Üniversiteden birinci olarak mezun olan başarılı genç, hayalini kurduğu iş başvurusunda bulunurken liyakate bakılır mı endişesine kapılmamak, eskimiş kemanını yenilerken kırk tane vakfın kapısını çalıp yardım istemek zorunda kalmamak, sevgilisiyle el ele Boğaz kıyısında gezerken birazdan gideceği restoranda zamlanan menünün fiyatını nasıl ödeyeceğinin stresini yaşamamak, hayat pahalılığını uygar bir dille ifade eden bir tweet’i yüzünden soruşturma geçirmemek ya da iş yaşamında cinsel veya etnik kimliği üzerinden dışlanmamak istiyor.

Bu yüzden de, “malum” Z kuşağı bulduğu veya yarattığı ilk fırsatta Avrupa’da kendisine sıfırdan bir hayat kuruyor ve bu hayatı kurma sürecinde zaman zaman yara bere içinde kalır ve tökezlerken, büyük ölçüde tek başına bırakıldığı için buruk bir hüzünle ülkesini anımsıyor. Beyin göçüne kalp göçü de ekleniyor.

Öte yandan Aksoy Araştırma’nın son verilerine göre Türkiye genelinde Avrupa Birliği üyeliğine destek yüzde 48,5 düzeyindeyken, yüzde 29,7 bu konuda kararsız. Sadece yüzde 21,8’lik bir karşıt duruş söz konusu. CHP seçmeninin yüzde 60’ı, HDP seçmeninin yüzde 68’i, İYİ Parti seçmeninin ise yüzde 49’u AB üyeliğini destekliyor.

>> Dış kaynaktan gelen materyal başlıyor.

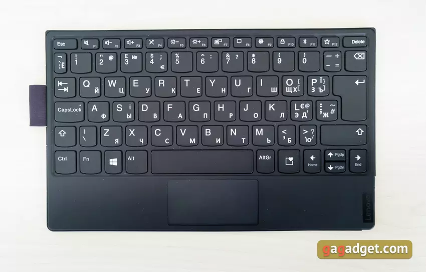 Die Hauptschwierigkeit liegt in der Tastatur mit dem Touchpad. Die Ingenieure mussten es klein machen. Darunter litten das Layout, die Größe der Tasten, der Abstand zwischen den Tasten und der Hub der Tasten. Für einige Tasten ist überhaupt kein Platz und sie funktionieren über Fn. Während der Nutzung (etwa eine Woche) ist es mir nicht gelungen, mich an die Tastatur zu gewöhnen und schnell zu tippen. Für kleine Textmengen (zum Beantworten von Emails und Nachrichten) reicht sie aus. Aber für große Texte - sehr fragwürdig.

Nuri Bilge Ceylan’ın Kış Uykusu filminde kadın oyuncunun eşine, "En iyi yıllarım uçup gitti. Seninle cebelleşeceğim diye bütün güzel huylarım değişti" demesi gibi artık en güzel yıllarımızın Avrupa’yı Sevr sendromu üzerinden okuyarak veya AB normları çerçevesinde temel hak ve özgürlüklerin güvence altına alınmasını “manda ve himayeyi kabul etmek” çerçevesinde yorumlayarak şeytanlaştırmakla geçmesine, en güzel gençlerimizi, yetişmiş beyinlerimizi dalga dalga yitirmeye izin vermemeliyiz.

Halk nezdinde Avrupa Birliği’ne üyelik desteği ve Avrupa Konseyi’nin hukuk normları konusundaki yol göstericiliğine dair mevcut olumlu dalga ışığında, bu iki çıpanın Türkiye’nin yönünü belirlemesine izin vermeliyiz.

Elbette bu deklarasyondaki bir paragraflık Avrupa vurgusu yeterli değil ve prematüre bir şekilde mutlak iyimserliğe kapılmak da şu an için gereksiz. Ayrıca bu Avrupa çıpasına dair altılı fotoğrafın seçmen kitlesini ikna etmesi, onların da kalbini kazanması, bir yandan da altılı fotoğrafın dışında kalan aktörleri de bu vurgu etrafında birleştirmesi de önemli.

Ancak şu da bir gerçek ki demokratikleşme ivmesi bir gecede yakalanmıyor ve bizi “biz” yapan ortak paydaları giderek çağdaş ve evrensel kriterler üzerinden kurgulamak, Türkiye’yi Batı sistemine güçlü bir ülke olarak entegre etmek üzere altın bir çağın anahtarı olabilir. Ne de olsa eski Romalılar çok güzel söyler: “Verba volant scripta manent” (söz uçar, yazı kalır).